Choosing an Assessment Tool
There are dozens of assessment tools available. Some are free, and some cost money. Some don't come even close to meeting the acceptance criteria for a good test, and some have Ph.D. theses backing up their data.
Rather than skew opinions with my own personal preferences, I want to refer you to Ben Linder's excellent compilation of tools. While his own self-assessment is on the list, Ben has done a great job listing, without bias, all the tools he's run across. My last client used his list as a starting point for deciding what tools we wanted to incorporate into our assessment model.
Let Your Data Be Your Guide
When a sprint is over, you know if it was successful. You can look at the backlog and see what is done and what's not done. The team can look at their velocity to determine the next sprint’s capacity, and there are several reliable ways to forecast with the sprint data.
An agile assessment model gives you the same level of awareness for your agile transformation. You just have to make sure you're working from good data.
User Comments
Thank you Joel for your kind words about my list of Self-Assessment checklist and tools. Much appreciated!
I like that the author advocates for four general outcome-oriented categories, instead of a list of practices. Practice lists are deeply flawed for assessment because practices are very dependenet on the situation, and also some "non-Agile" practices sometimes make sense for the situation - and practices evolve over time - practices that were seen as "Agile" are now in question (e.g., team rooms).

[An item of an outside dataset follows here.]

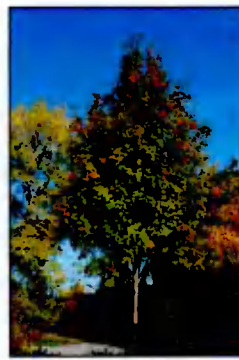
Native Rowan Tree

The one nitpick I would make is that the assessment items, "Ability to deliver a working, tested product", needs to include something about speed. After all, Agile is about agility, which implies speed: a glacier is not very agile. Indeed, the importace of automation is often overlooked, yet as Ron Jeffries has said, you cannot really have an Agile team that does not use automated testing. Agile is more than just a set of behavioral paradigms: it is also about speed and flexibility.